Ignoring price-sensitive shoppers could cost grocers even though they are only 1/3 of consumers

By Elizabeth Crawford contact

- Last updated on GMT

Source: Getty/Kandl
Source: Getty/Kandl

Related tags: Inflation, Food price inflation, Price, SNAP, Retailing

Price sensitive consumers may be on the decline and make up only a third of all grocery shoppers, but they appear to have an outsized impact on select categories as rising inflation prompts them to rein in spending, according to new research by Symphony RetailAI.

Analysis of 2.2 billion shopper transactions globally from the third quarter of 2020 through the second quarter of 2021 revealed that as inflation began driving up grocery prices across categories a fast-growing majority of consumers counter-intuitively opted to prioritize quality regardless of price – demonstrating a willingness to pay more for the products that they want.

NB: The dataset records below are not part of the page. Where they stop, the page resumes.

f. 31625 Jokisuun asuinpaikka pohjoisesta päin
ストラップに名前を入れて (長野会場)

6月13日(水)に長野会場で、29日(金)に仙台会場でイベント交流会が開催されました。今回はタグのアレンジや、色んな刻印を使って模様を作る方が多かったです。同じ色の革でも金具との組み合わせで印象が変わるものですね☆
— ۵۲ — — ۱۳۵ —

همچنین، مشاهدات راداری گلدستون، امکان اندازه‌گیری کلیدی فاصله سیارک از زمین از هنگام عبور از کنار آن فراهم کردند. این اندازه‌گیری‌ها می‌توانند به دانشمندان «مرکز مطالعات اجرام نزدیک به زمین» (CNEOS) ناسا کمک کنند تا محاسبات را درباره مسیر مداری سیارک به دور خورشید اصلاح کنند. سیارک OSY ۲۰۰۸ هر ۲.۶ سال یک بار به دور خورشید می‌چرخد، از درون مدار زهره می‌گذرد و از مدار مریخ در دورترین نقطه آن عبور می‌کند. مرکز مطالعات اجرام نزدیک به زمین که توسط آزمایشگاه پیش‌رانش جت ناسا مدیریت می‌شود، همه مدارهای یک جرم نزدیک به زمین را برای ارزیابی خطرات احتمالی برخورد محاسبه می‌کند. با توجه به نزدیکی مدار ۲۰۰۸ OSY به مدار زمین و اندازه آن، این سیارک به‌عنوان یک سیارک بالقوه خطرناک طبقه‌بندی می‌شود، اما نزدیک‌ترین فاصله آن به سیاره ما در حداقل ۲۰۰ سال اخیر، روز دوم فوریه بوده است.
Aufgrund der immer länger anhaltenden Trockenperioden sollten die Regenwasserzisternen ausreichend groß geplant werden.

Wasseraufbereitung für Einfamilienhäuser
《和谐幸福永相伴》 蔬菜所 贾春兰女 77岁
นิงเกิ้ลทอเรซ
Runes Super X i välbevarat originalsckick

According to the research​, nearly 1.5 times more customers during the review period adopted a “quality” mindset than those who migrated down to become more price sensitive. As a result, between the third quarter of 2020 and the end of the second in 2021 quality-customers grew 10% to account for 43% of revenue (up 2 percentage points from the prior year), compared to price-focused shoppers who declined 6% and saw their revenue distribution drop 2 percentage points to 26%.

While quality-focused customers represent a significant opportunity for retailers, grocers should not over look price-sensitive shoppers, without whom retailers could not grow their business, said Charisse Jacques, senior vice president of global customer-centric retail services at Symphony RetailAI.

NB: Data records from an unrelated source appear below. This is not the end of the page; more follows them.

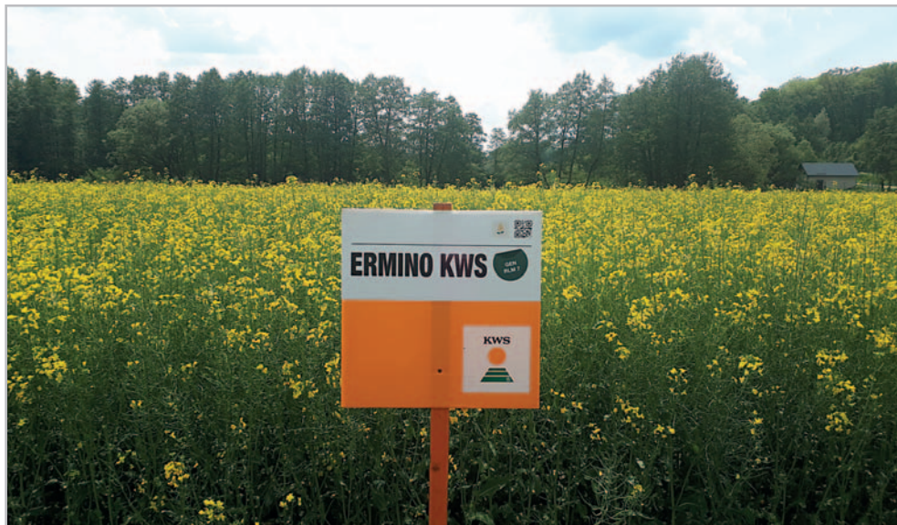
Rozkvetlé pole s hybridem řepky Ermino KWS

značku ATAWAC. Je to zkratka tří anglických slov, Any Time – kdykoli, Any Where – kdekoli, Any Condition – v jakýchkoliv podmínkách. Který hybrid by o tuto značku nestál a který pěstitel by nestál o tento hybrid? Hybrid ozimé řepky Ermino KWS těmto požadavkům plně vyhovuje. V České republice byl registrován v roce 2016 po velmi úspěšném uznávacím řízení v pokusech ÚKZÚZ, kdy ve zkušebních letech 2014–2016 měl průměrný výnos 6,26 t/ha. Neméně úspěšný je i v SDO. V letech 2017–2019 byl hybrid Ermino KWS v pokusech SDO ÚKZÚZ zkoušen jak v teplé, tak chladné oblasti. V obou si vedl znamenitě. V TO i CHO dosáhl 112 % na průměr pokusu. V poloprovozních pokusech společ-
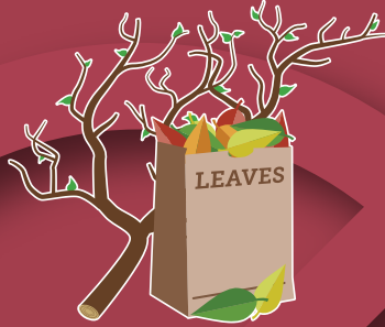
Yard Waste Desperdicios del césped
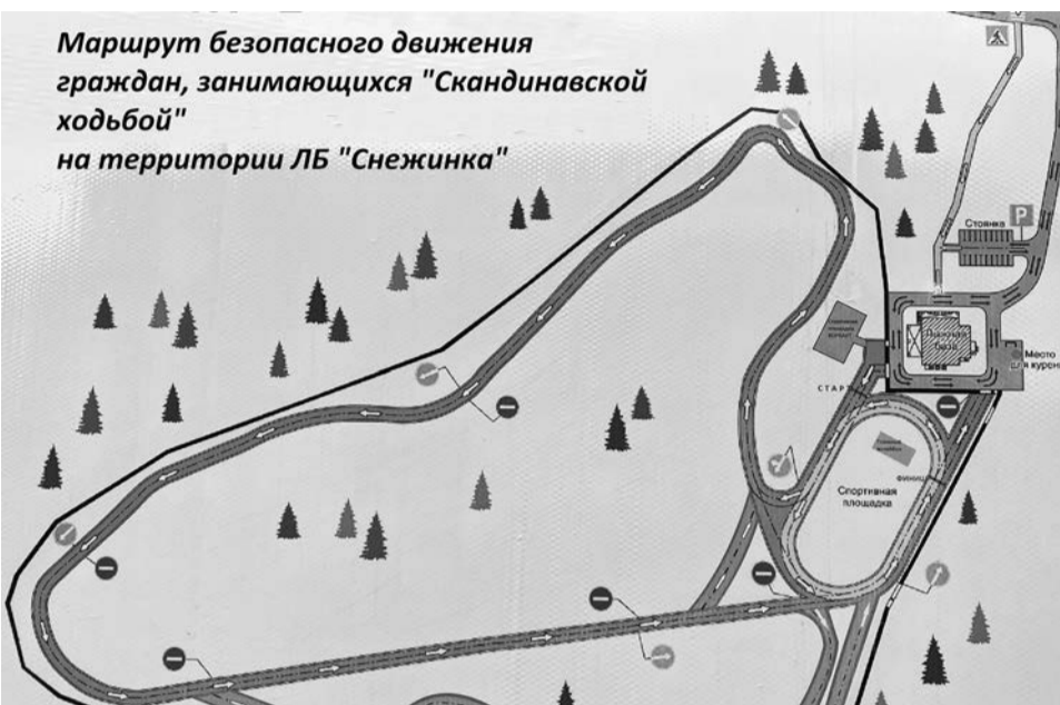
Маршрут безопасного движения граждан, занимающихся "Скандинавской ходьбой" на территории ЛБ "Снежинка"

Скандинавская ходьба - это оригинальный и несложный метод оздоровления и фитнеса, которым увлечены миллионы людей по всему миру. В Когалыме этот вид спорта тоже с каждым годом становится все популярнее.

“For many traditional grocers, that price-sensitive shopper is a large portion,”​ and they are important to understand because there are some categories that they favor and which will suffer disproportionately if they leave because they are unable to absorb price increases, she explained.

Fresh meat, poultry and dairy hit hardest by price sensitive shoppers pulling back

“There are some subcategories that are more important to price sensitive shoppers, and they tend to make up the majority of the spend in that particular category, including meat, poultry and dairy,”​ she said, noting that as price increases keep these shoppers at bay, these categories have failed to bounce back since the pandemic began.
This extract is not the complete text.